» **Description of the task**
Without pictures, output exactly the lines running from the line containing "Men's Thanksgiving Turkey" to the end of the listing below.

» **Collected data**
=======
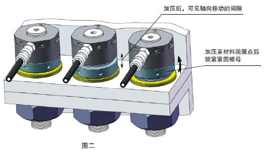 d、将螺杆旋入液压螺母螺孔后安装到设备上并旋紧螺母,(安装时,紧固螺母朝设备方向),用力扳紧压靠设备,使液压螺母端面与设备端面之间基本无间隙。见图二所示 e、连接快速接头,使用动力源进行加压,超高压油泵产生的压力油通过超高压软管逐步进入液压螺母的油腔,螺栓在弹性变形范围内被拉伸长,使液压螺母的缸体和活塞逐渐分离,通过螺纹拉伸高强度螺栓,在液压螺母缸体和紧圈螺母间形成一定的间隙,见图二所示,旋转紧圈螺母贴紧缸体,保证高压泵卸压后高强度螺栓仍处于拉伸状态,此时切忌液压螺母活塞伸出超过最大行程,防止活塞脱缸。待液压螺母达到预紧力后,动力源保持稳定状态,停止加压。 |
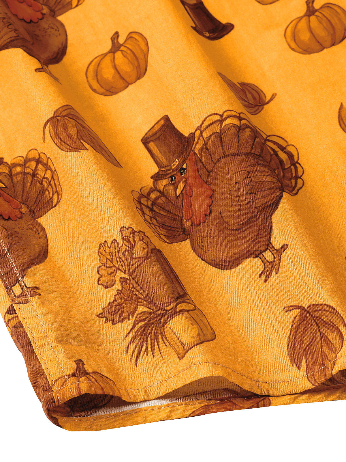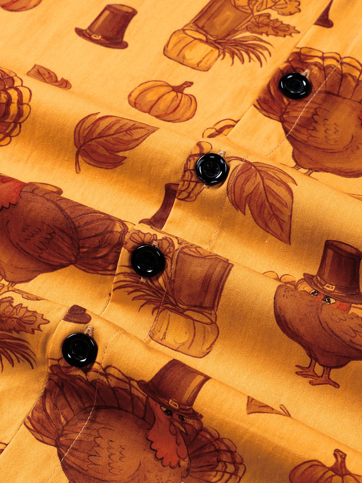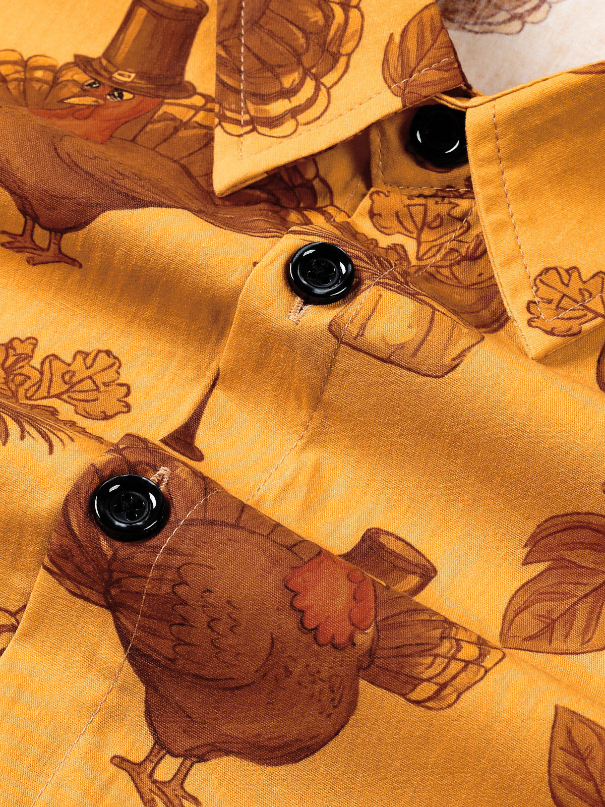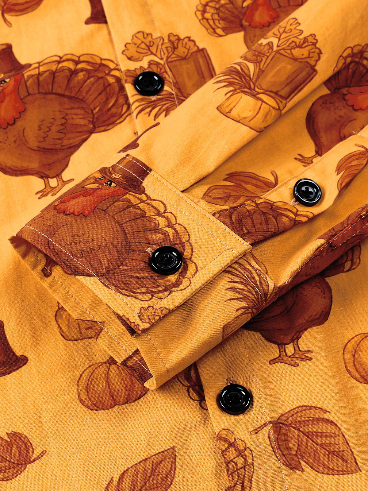Men's Thanksgiving Turkey Orange Cotton Long Sleeve Shirt
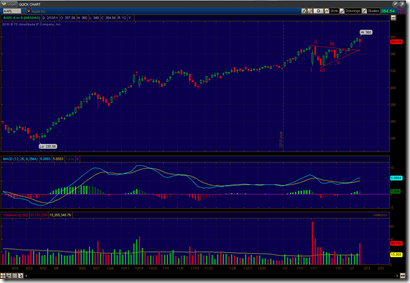 AAPL just completed a very nice triangle formation. I think this indicates that AAPL is about to start an extended downtrend. The upside target is 360-361, and could drop to $300 or lower.
=======
» **Solution to this task**
Men's Thanksgiving Turkey Orange Cotton Long Sleeve Shirt
 AAPL just completed a very nice triangle formation. I think this indicates that AAPL is about to start an extended downtrend. The upside target is 360-361, and could drop to $300 or lower.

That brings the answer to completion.